# Stored data
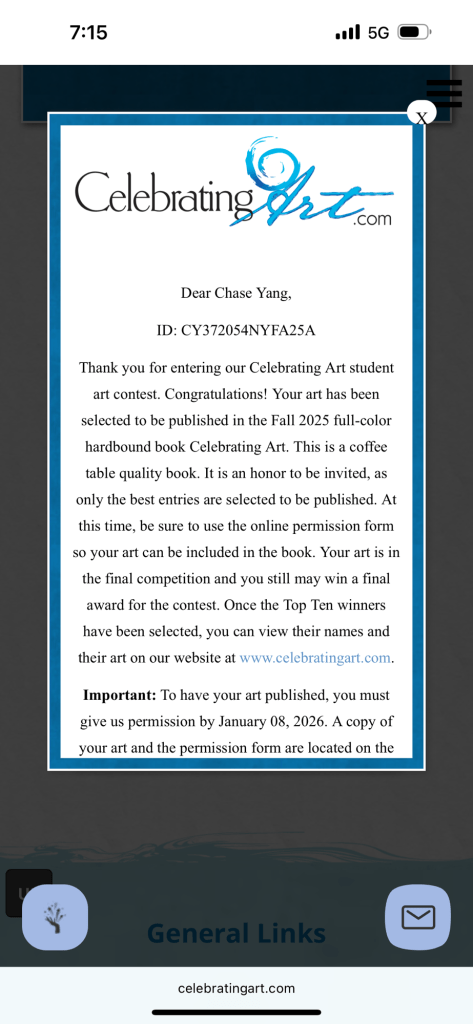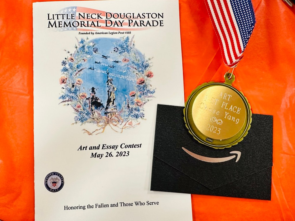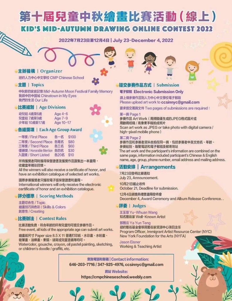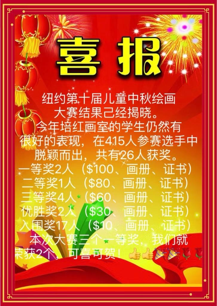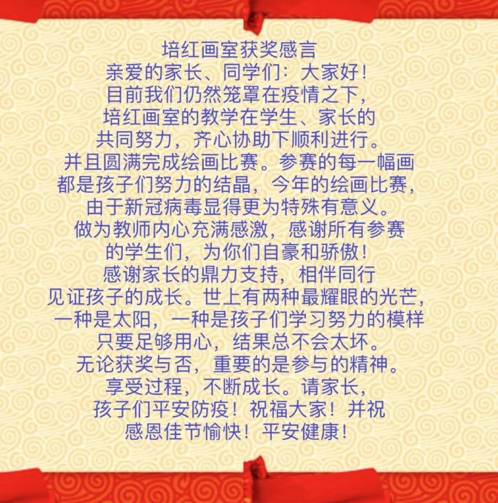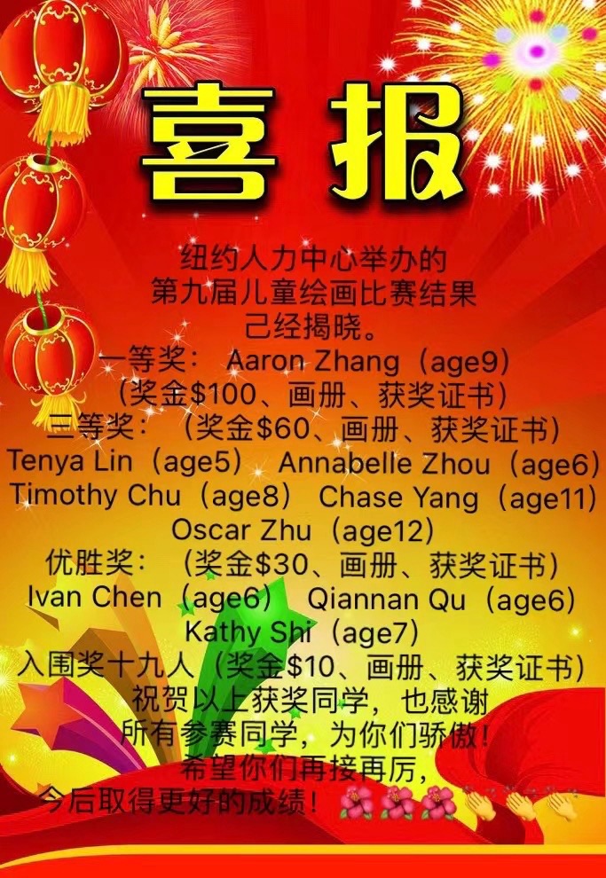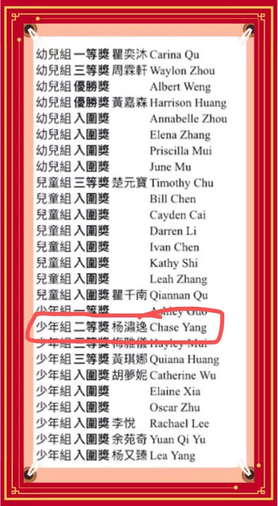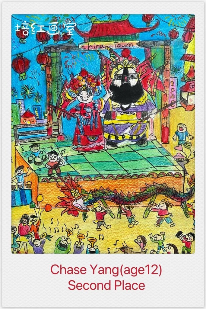2023 Mid Autumn Day Winner – Second Place. Chase 纽约第十届儿童中秋绘画比赛获奖 第二名 老师派他做少年组代表上台发言领奖感言
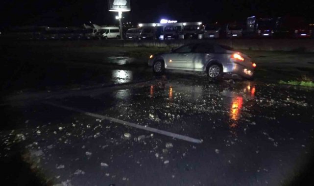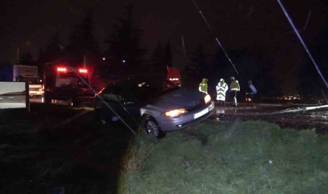 Olay, Balıkesir Çevreyolu'nda meydana geldi. Yoğun yağmurun kayganlaştırdığı yolda kimliği ve plakası tespit edilemeyen otomobil, şeride geçerek direğe çarptı. Devrilen direk, İzmir'den Bursa istikametine doğru seyir halinde olan 35 DA 3654 plakalı otomobil için büyük tehlike oluşturdu. Sürücü, yola düşen direğe çarpmamak için direksiyonu kırarak yoldan çıktı. Aynı istikametten gelen bir tır ise direğe çarpmamak için son anda durabildi.
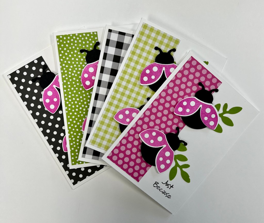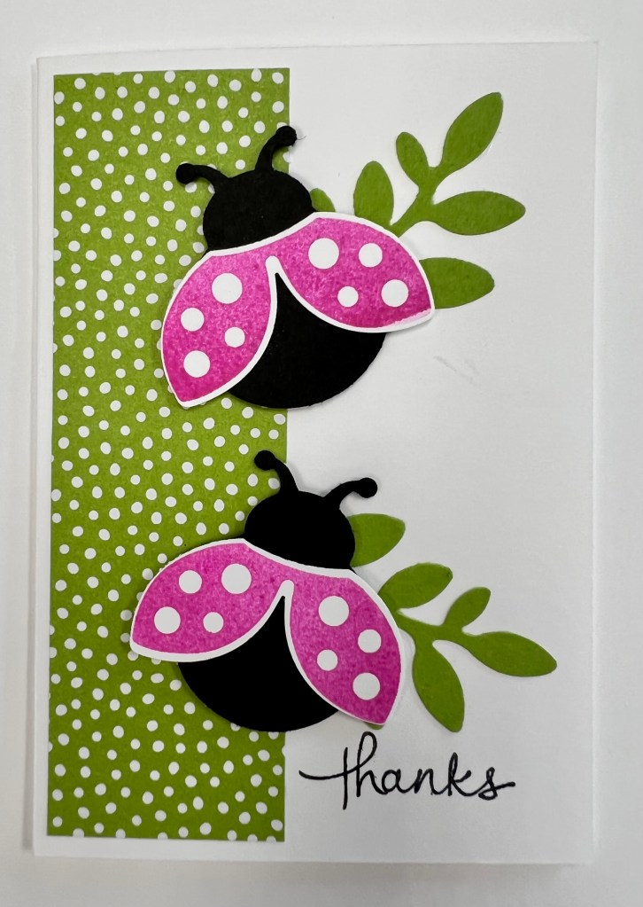 Make a series of sweet notecards with the Hello Ladybug Bundle. I used our notecards and envelopes which make a 3.5″ x 5″ size card. Perfect for a quick note.
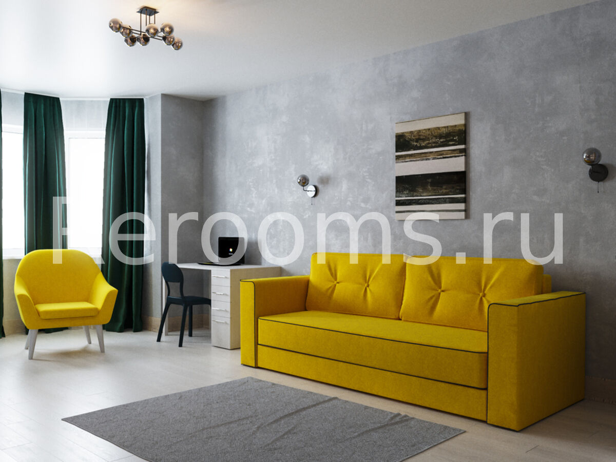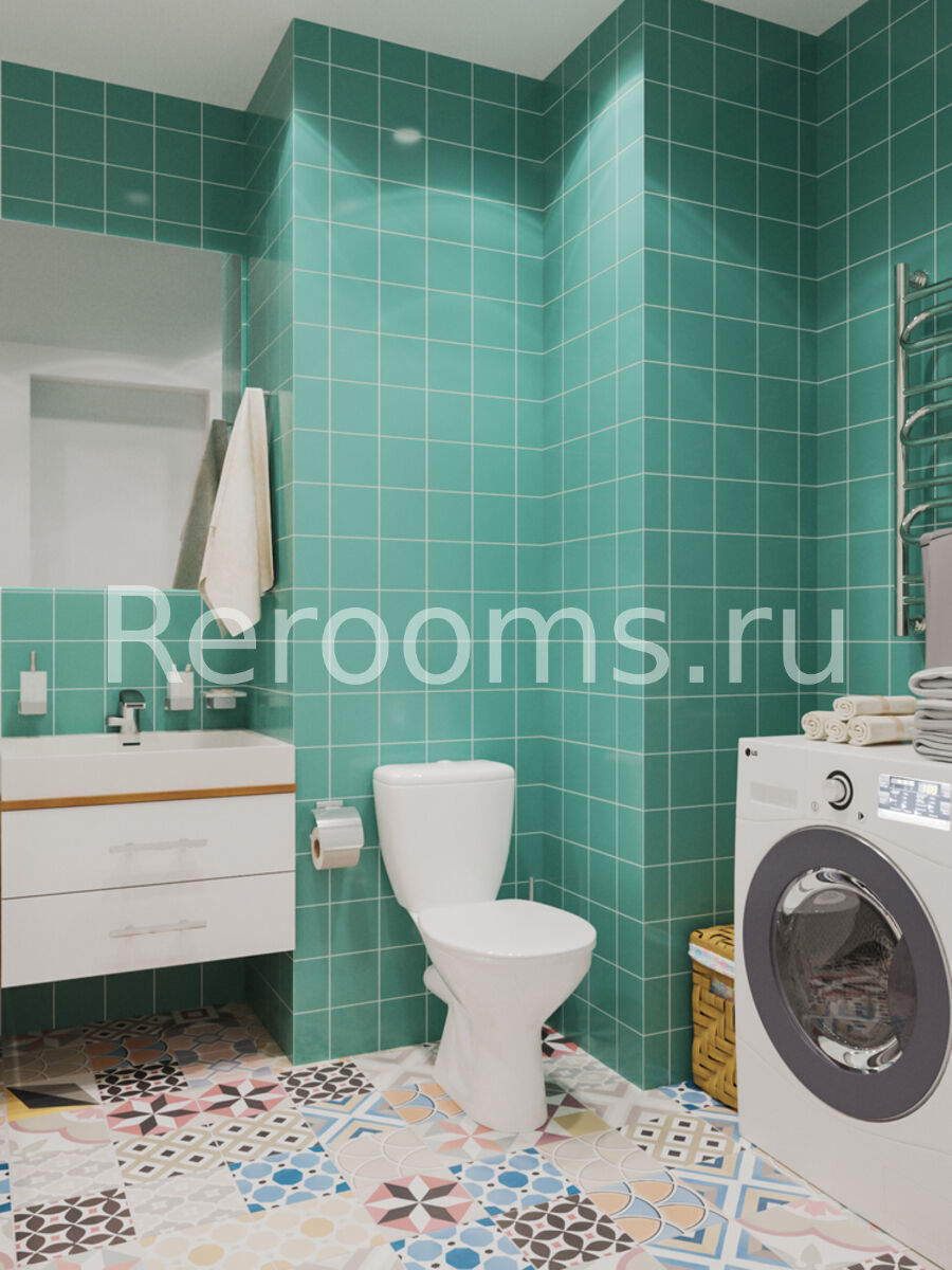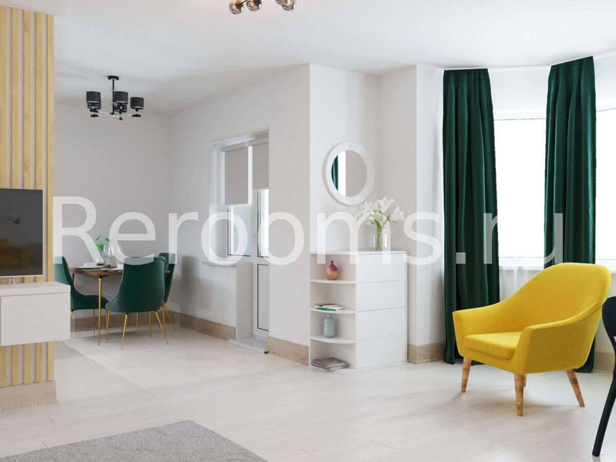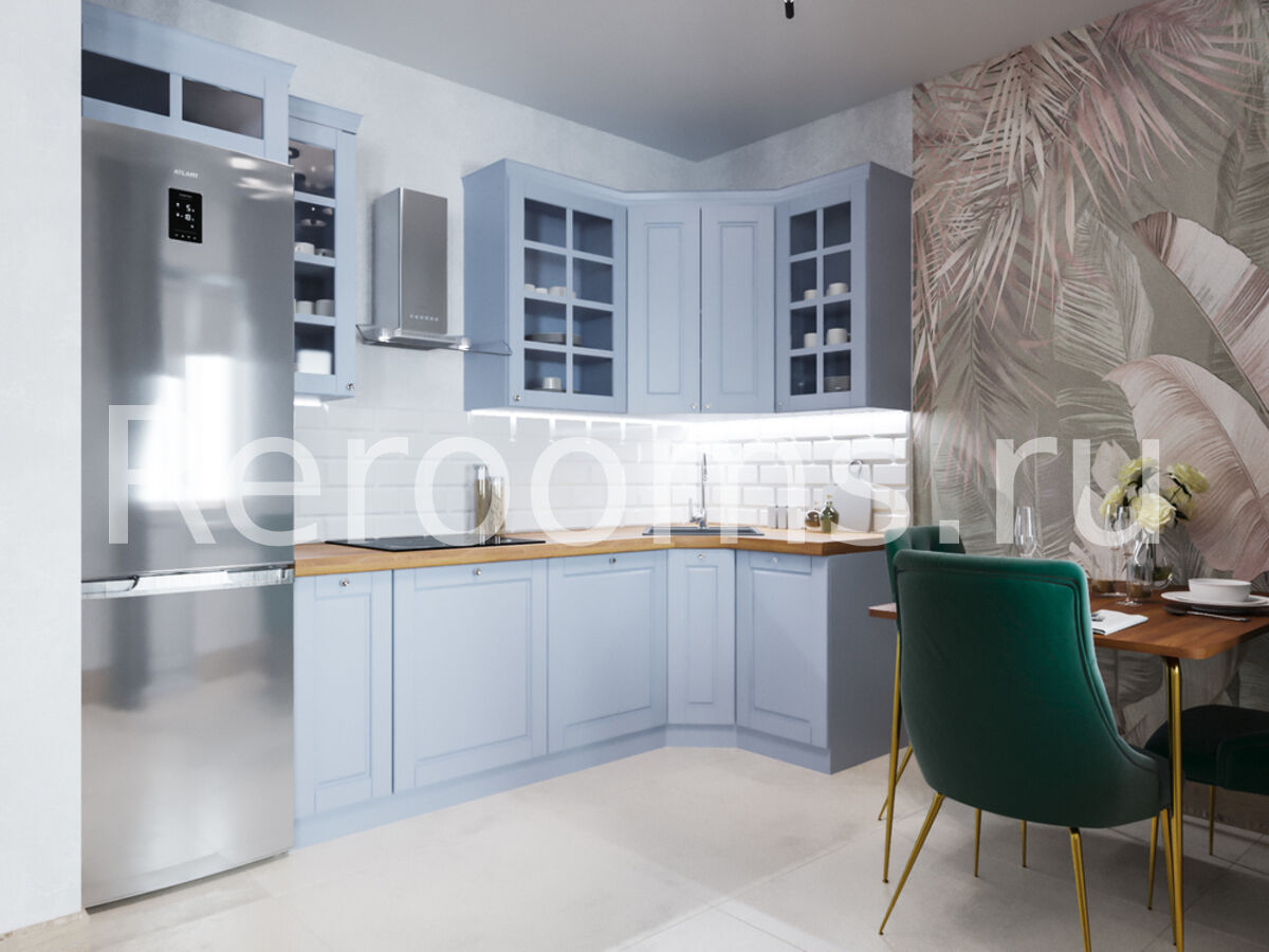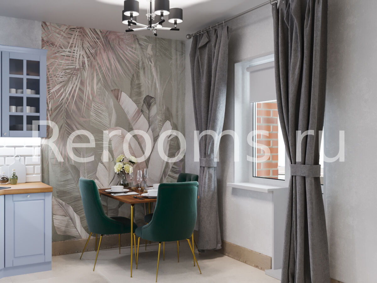 Дизайн-проект этой однокомнатной квартиры выполнен в современном стиле модернизм. На небольшой площади удалось разместить функциональную кухню, удобную гостиную и рабочую зону. Часть комнаты отделили от кухни стеной с декоративными рейками, а часть оставили открытой. Такой прием позволил сделать эти помещения более приватными, не утяжелив при этом пространство. Акцентным элементом в кухне является стена с флористическим декором. В цветовом решении остановились на светлой гамме, но разбавили ее яркими цветами.

# What to work on
With the pictures excluded, restate word for word each line from the one that contains "Make a series" through the last line of the listing above.

# Response for this exercise
 Make a series of sweet notecards with the Hello Ladybug Bundle. I used our notecards and envelopes which make a 3.5″ x 5″ size card. Perfect for a quick note.
 Дизайн-проект этой однокомнатной квартиры выполнен в современном стиле модернизм. На небольшой площади удалось разместить функциональную кухню, удобную гостиную и рабочую зону. Часть комнаты отделили от кухни стеной с декоративными рейками, а часть оставили открытой. Такой прием позволил сделать эти помещения более приватными, не утяжелив при этом пространство. Акцентным элементом в кухне является стена с флористическим декором. В цветовом решении остановились на светлой гамме, но разбавили ее яркими цветами.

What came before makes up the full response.